Node(int hash, K key, V value, Node<K,V> next) {
this.hash = hash;
this.key = key;
this.value = value;
this.next = next;
}
public final K getKey() { return key; }
public final V getValue() { return value; }
public final String toString() { return key + "=" + value; }
public final int hashCode() {
return Objects.hashCode(key) ^ Objects.hashCode(value);
}
public final V setValue(V newValue) {
V oldValue = value;
value = newValue;
return oldValue;
}
public final boolean equals(Object o) {
if (o == this)
return true;
if (o instanceof Map.Entry) {
Map.Entry<?,?> e = (Map.Entry<?,?>)o;
if (Objects.equals(key, e.getKey()) &&
Objects.equals(value, e.getValue()))
return true;
}
return false;
}
}
四、重要的方法分析
1.put方法
/**
* Associates the specified value with the specified key in thismap.
* If the map previously contained a mapping for the key, the old
* value is replaced.
*
*/
public V put(K key, V value) {
return putVal(hash(key), key, value, false, true);
}
static final int hash(Object key) {
int h;
//key的值为null时,hash值返回0,对应的table数组中的位置是0
return (key == null) ? 0 : (h = key.hashCode()) ^ (h >>> 16);
}
/**
* Implements Map.put and related methods
*
* @param hash hash for key
* @param key the key
* @param value the value to put
* @param onlyIfAbsent if true, don't change existing value
* @param evict if false, the table is in creation mode.

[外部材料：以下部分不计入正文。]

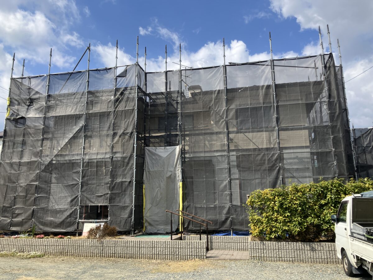 今日も引き続き浜松市浜名区尾野S様邸の外壁塗装工事施工中で

* @return previous value, or null if none
*/
final V putVal(int hash, K key, V value, boolean onlyIfAbsent,
boolean evict) {
Node<K,V>[] tab; Node<K,V> p; int n, i;
//先将table赋给tab,判断table是否为null或大小为0,若为真,就调用resize()初始化
if ((tab = table) == null || (n = tab.length) == 0)
n = (tab = resize()).length;
//通过i = (n - 1) & hash得到table中的index值,若为null,则直接添加一个newNode
if ((p = tab[i = (n - 1) & hash]) == null)
tab[i] = newNode(hash, key, value, null);
else {
//执行到这里,说明发生碰撞,即tab[i]不为空,需要组成单链表或红黑树
Node<K,V> e; K k;
if (p.hash == hash &&
((k = p.key) == key || (key != null && key.equals(k))))
//此时p指的是table[i]中存储的那个Node,如果待插入的节点中hash值和key值在p中已经存在,则将p赋给e
e = p;
//如果table数组中node类的hash、key的值与将要插入的Node的hash、key不吻合,就需要在这个node节点链表或者树节点中查找。
else if (p instanceof TreeNode)
//当p属于红黑树结构时,则按照红黑树方式插入
e = ((TreeNode<K,V>)p).putTreeVal(this, tab, hash, key, value);
else {
//到这里说明碰撞的节点以单链表形式存储,for循环用来使单链表依次向后查找
for (int binCount = 0; ; ++binCount) {
//将p的下一个节点赋给e,如果为null,创建一个新节点赋给p的下一个节点
if ((e = p.next) == null) {
p.next = newNode(hash, key, value, null);
//如果冲突节点达到8个,调用treeifyBin(tab, hash),这个treeifyBin首先回去判断当前hash表的长度,如果不足64的话,实际上就只进行resize,扩容table,如果已经达到64,那么才会将冲突项存储结构改为红黑树。